Activity →
The response should contain all of the data below, reproduced exactly, and no pictures.

Raw data →

*** Begin section ***

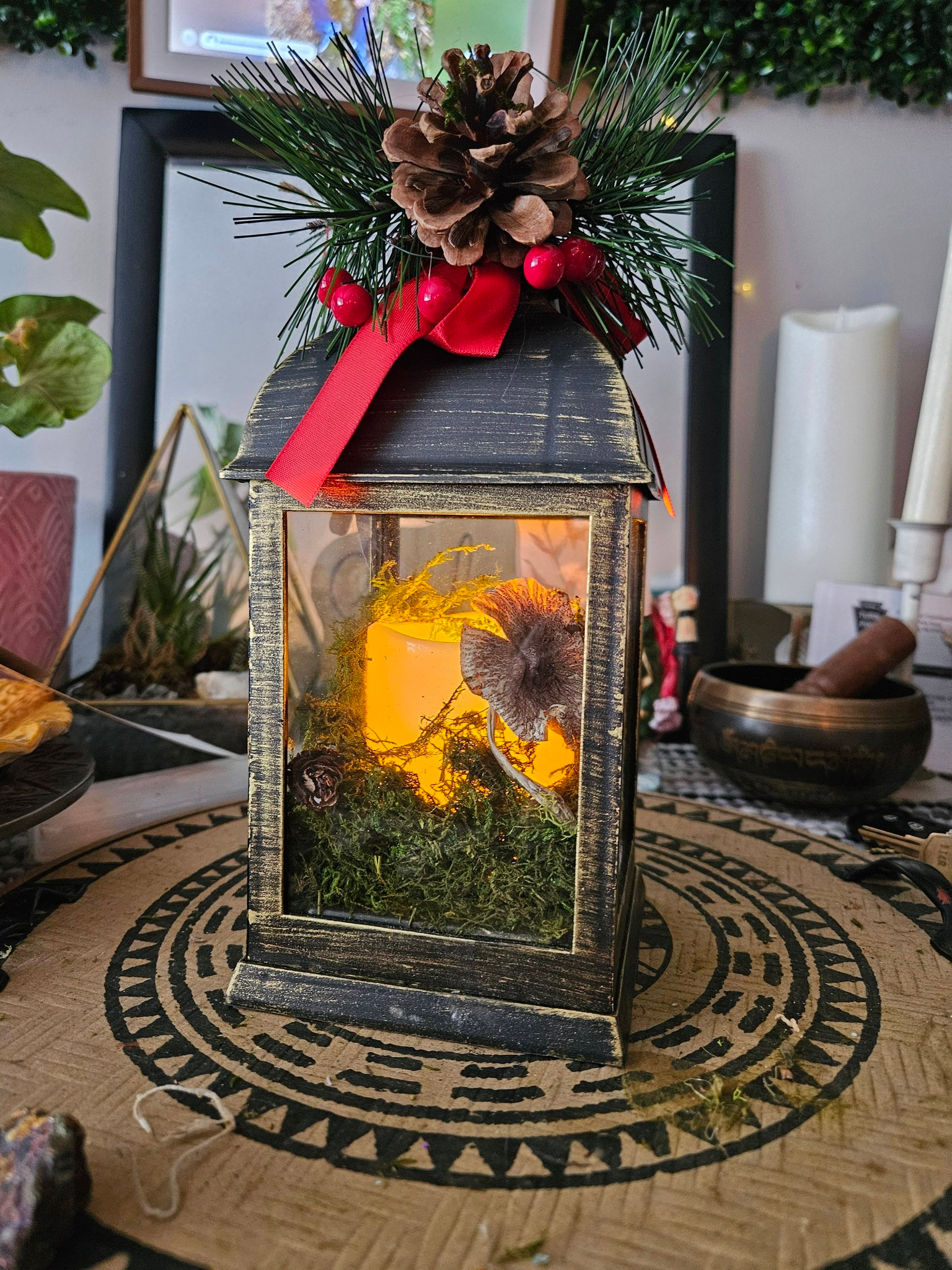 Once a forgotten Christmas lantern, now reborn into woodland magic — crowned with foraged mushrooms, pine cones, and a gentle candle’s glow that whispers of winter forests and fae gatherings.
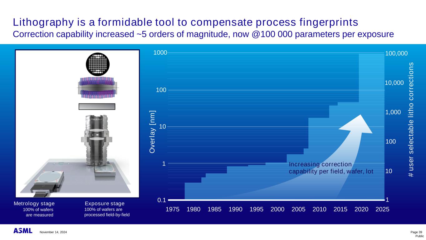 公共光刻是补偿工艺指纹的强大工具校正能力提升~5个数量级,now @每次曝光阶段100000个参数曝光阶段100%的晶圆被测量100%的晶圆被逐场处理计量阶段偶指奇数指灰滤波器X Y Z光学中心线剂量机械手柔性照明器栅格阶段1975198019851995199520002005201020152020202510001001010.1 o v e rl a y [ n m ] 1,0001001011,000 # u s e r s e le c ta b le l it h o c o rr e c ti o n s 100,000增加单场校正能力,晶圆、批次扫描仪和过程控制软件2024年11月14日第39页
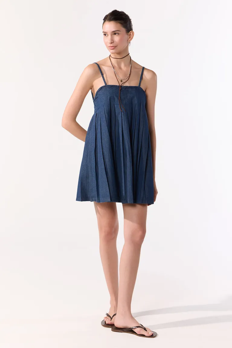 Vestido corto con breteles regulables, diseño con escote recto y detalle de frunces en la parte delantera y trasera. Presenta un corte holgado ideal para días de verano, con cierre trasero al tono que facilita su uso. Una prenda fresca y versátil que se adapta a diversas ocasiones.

*** End section ***

Response →
 Once a forgotten Christmas lantern, now reborn into woodland magic — crowned with foraged mushrooms, pine cones, and a gentle candle’s glow that whispers of winter forests and fae gatherings.
 公共光刻是补偿工艺指纹的强大工具校正能力提升~5个数量级,now @每次曝光阶段100000个参数曝光阶段100%的晶圆被测量100%的晶圆被逐场处理计量阶段偶指奇数指灰滤波器X Y Z光学中心线剂量机械手柔性照明器栅格阶段1975198019851995199520002005201020152020202510001001010.1 o v e rl a y [ n m ] 1,0001001011,000 # u s e r s e le c ta b le l it h o c o rr e c ti o n s 100,000增加单场校正能力,晶圆、批次扫描仪和过程控制软件2024年11月14日第39页
 Vestido corto con breteles regulables, diseño con escote recto y detalle de frunces en la parte delantera y trasera. Presenta un corte holgado ideal para días de verano, con cierre trasero al tono que facilita su uso. Una prenda fresca y versátil que se adapta a diversas ocasiones.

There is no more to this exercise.